The tea party and the media


Author: Amy Gardner

Most local tea party organizers interviewed in an extensive canvass this month by The Washington Post said media coverage of their groups has been fair, suggesting that perceptions of antagonism between the tea party and traditional news media are overstated.

Seventy-six percent of local organizers said that coverage of their groups is either very fair or somewhat fair. Only 8 percent said coverage has been very unfair; 15 percent said somewhat unfair. The canvass showed that more than three-fourths of group leaders said their activities have received local media coverage, revealing the depth of the news media's -- and the public's -- fascination with the tea party.

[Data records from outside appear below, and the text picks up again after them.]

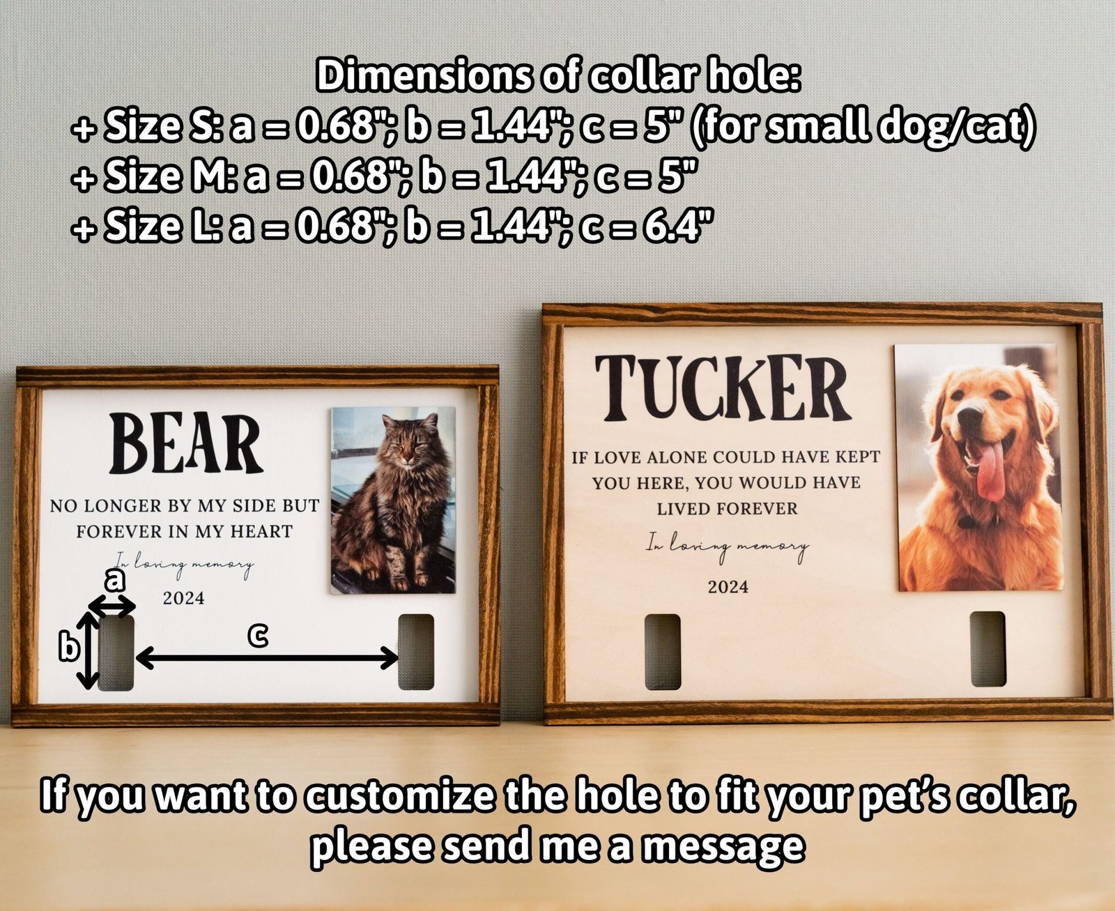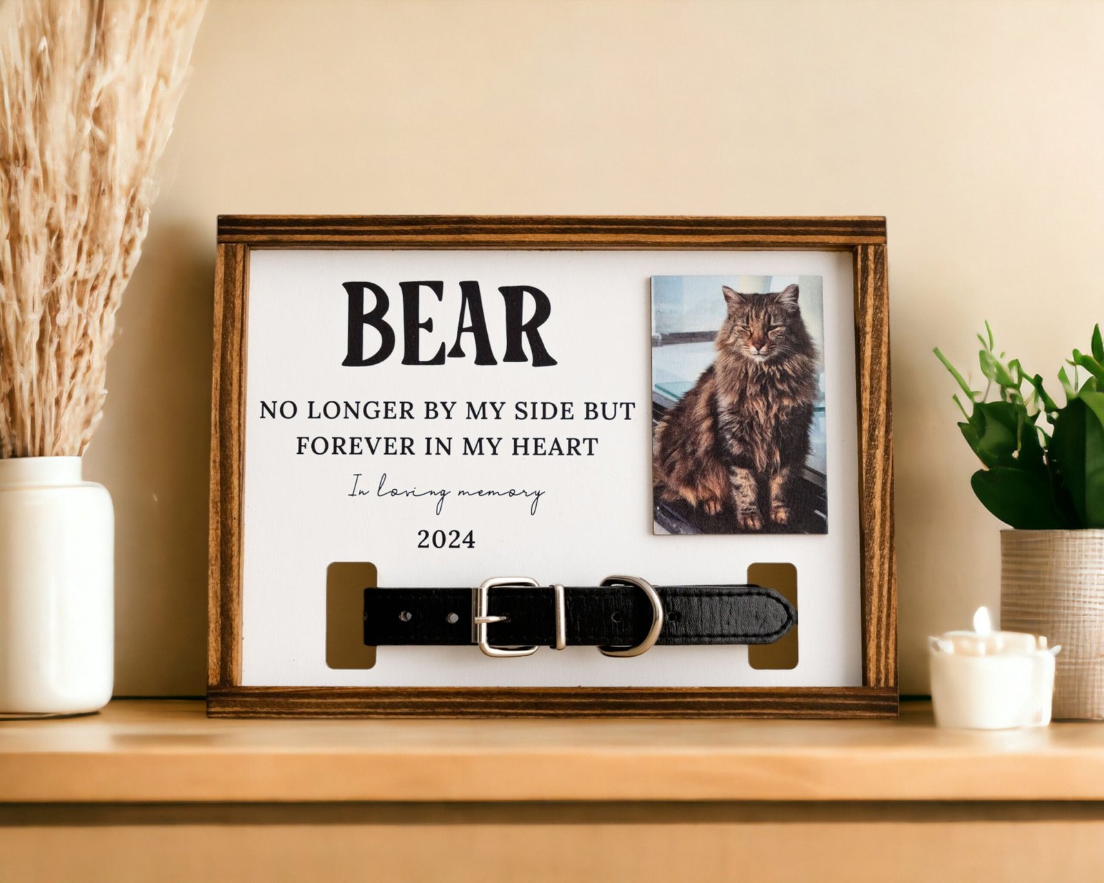 • 🐕 Personalized Collar Display Frame Specially designed to hold your pet’s collar securely, turning a simple keepsake into a timeless tribute that can be displayed with pride and love.
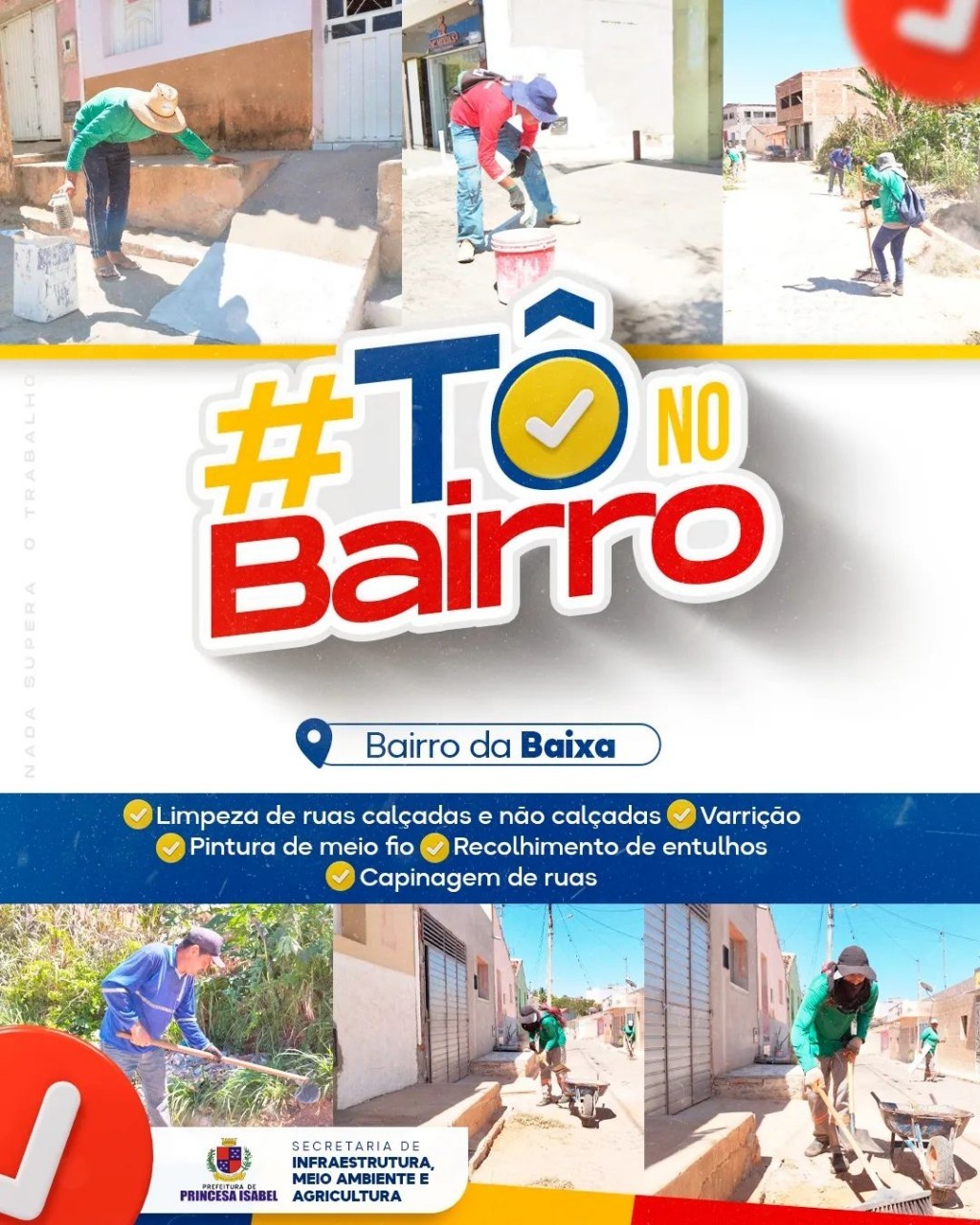 O #tônobairro de hoje foi no bairro da Baixa. Realizamos reparos e melhorias, limpeza e capinagem nas ruas, recolhimento de entulhos, pintura de meio-fio e muito mais.
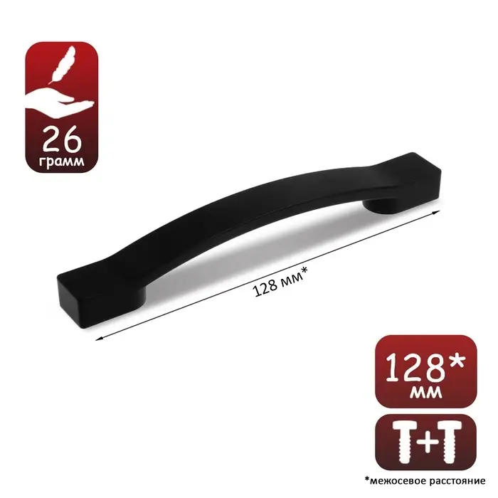 Ручка-скоба С-34, пластик 128 мм, чёрная, матовая

Media coverage of the tea party has evolved markedly since the groups first began forming in February 2009. Major news outlets paid little attention to the first wave of tax-day protests in April 2009 and even a large march the following September in Washington. But attention quickly focused on the impassioned and sometimes-raucous protests that tea party activists continued to stage, notably those leading up to passage of the health-care overhaul law. Accusations by members of Congress that protesters had hurled epithets prompted a wave of media coverage over whether the tea party was based on anti-Obama racism. A string of stories focused on the racially charged statements and signs of certain protesters. Such coverage drew criticism from Sarah Palin and other conservative leaders. But as media outlets have spent more time following tea party protesters around the country -- and as more studied analyses of the movement and its members have emerged -- the coverage has grown more nuanced.